##### Dataset excerpt #####
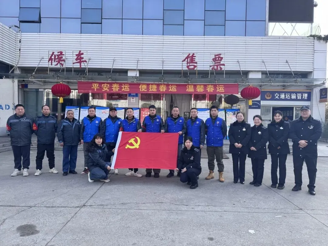 春运首日恰逢周一早高峰,六合客运公司在棠城广场南、北公交站开展志愿服务,为往来乘客送上暖心守护。
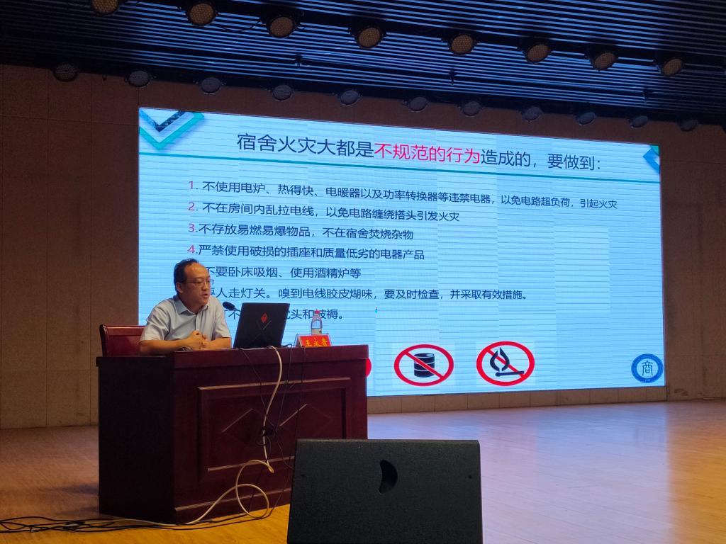 紧接着,王永贵老师为新生开展了一场精彩绝伦的入学教育系列讲座---校园安全篇。他针对大学生如何保护自己的人身、财产、生活、网络、心理安全,一一进行详细地讲解。同时,他还利用一些实际案例,指出高校学生安全工作的紧迫性和必要性,让在座的每一位新生都受益匪浅。
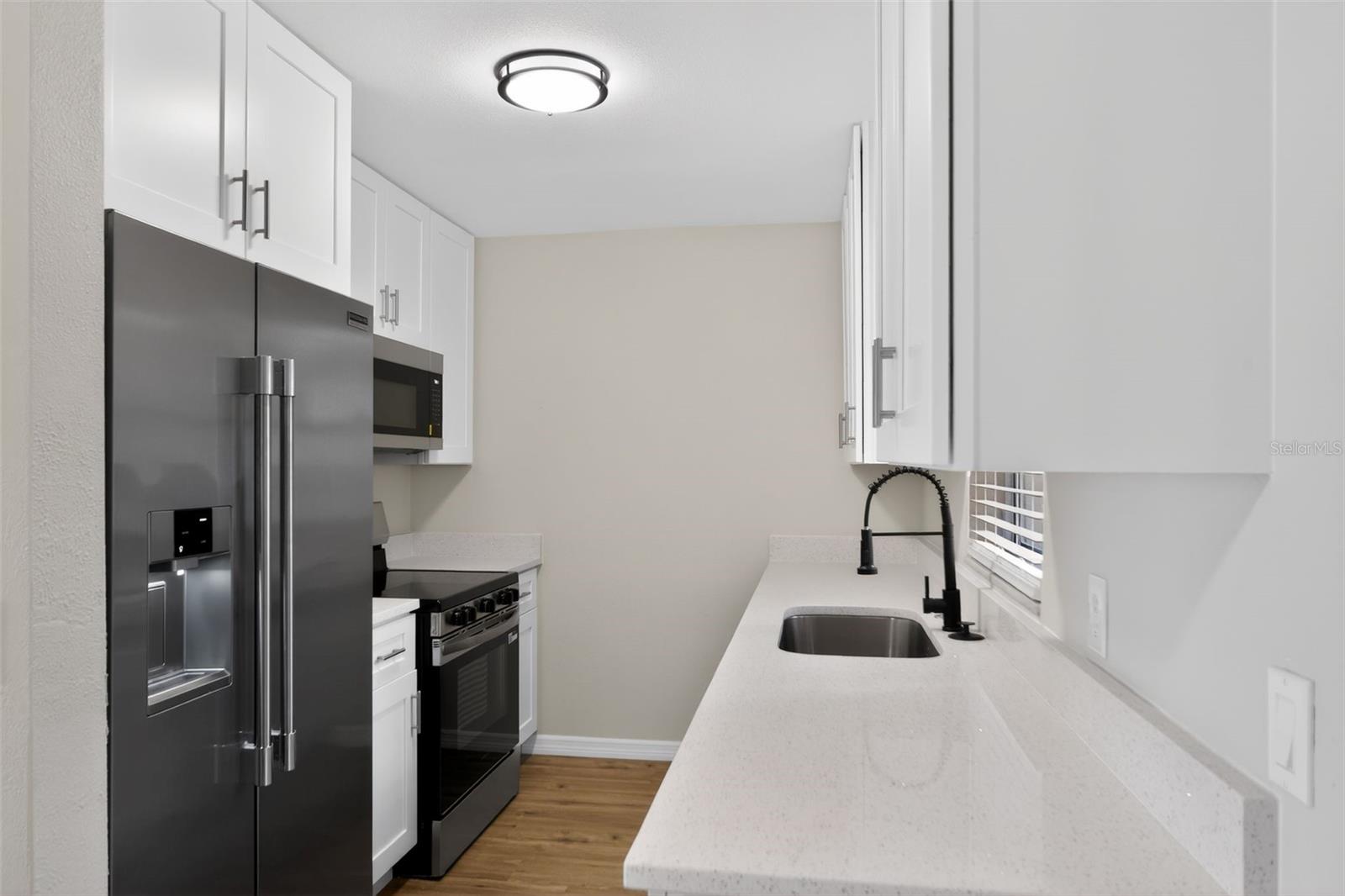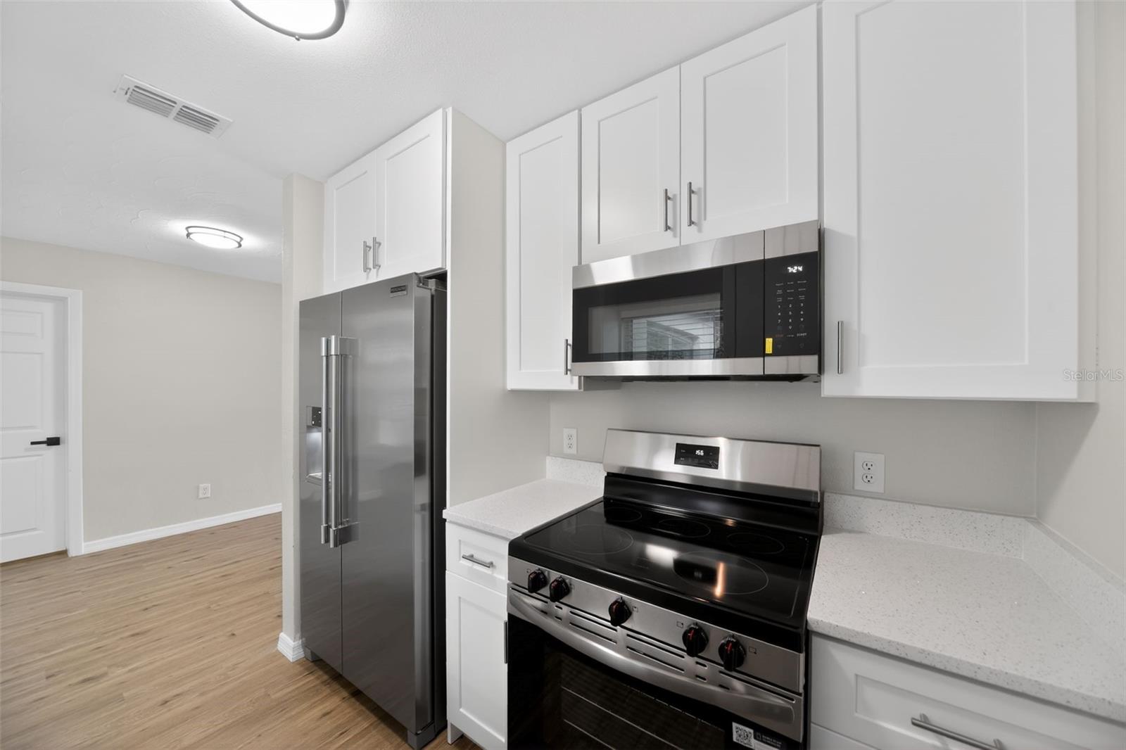 One or more photo(s) has been virtually staged. Fully renovated 3-bedroom home in the rapidly growing Hourglass District. This move-in-ready property features a brand-new roof (2026), new HVAC system, fresh interior and exterior paint, and new luxury vinyl plank flooring throughout with updated baseboards. The redesigned kitchen offers modern shaker cabinets, quartz countertops, and stainless steel appliances, creating a clean, functional space for everyday living and entertaining. Both bathrooms have been updated with contemporary finishes, along with new hardware and fixtures throughout the home. The living room centers around a wood-burning fireplace, adding character and a practical focal point. Outside, a fenced side yard provides privacy and usable outdoor space, along with a detached shed for additional storage. Located in the sought-after Hourglass District, this home benefits from close proximity to local dining, coffee shops, parks, and downtown Orlando, while still offering a neighborhood feel. Easy access to major roadways makes commuting straightforward.
#####
## Assigned task
Reproduce the opening lines of the material above exactly, ending with the line that contains "紧接着,王永贵老师为新生开展". Omit every picture.

## Problem solution
 春运首日恰逢周一早高峰,六合客运公司在棠城广场南、北公交站开展志愿服务,为往来乘客送上暖心守护。
 紧接着,王永贵老师为新生开展了一场精彩绝伦的入学教育系列讲座---校园安全篇。他针对大学生如何保护自己的人身、财产、生活、网络、心理安全,一一进行详细地讲解。同时,他还利用一些实际案例,指出高校学生安全工作的紧迫性和必要性,让在座的每一位新生都受益匪浅。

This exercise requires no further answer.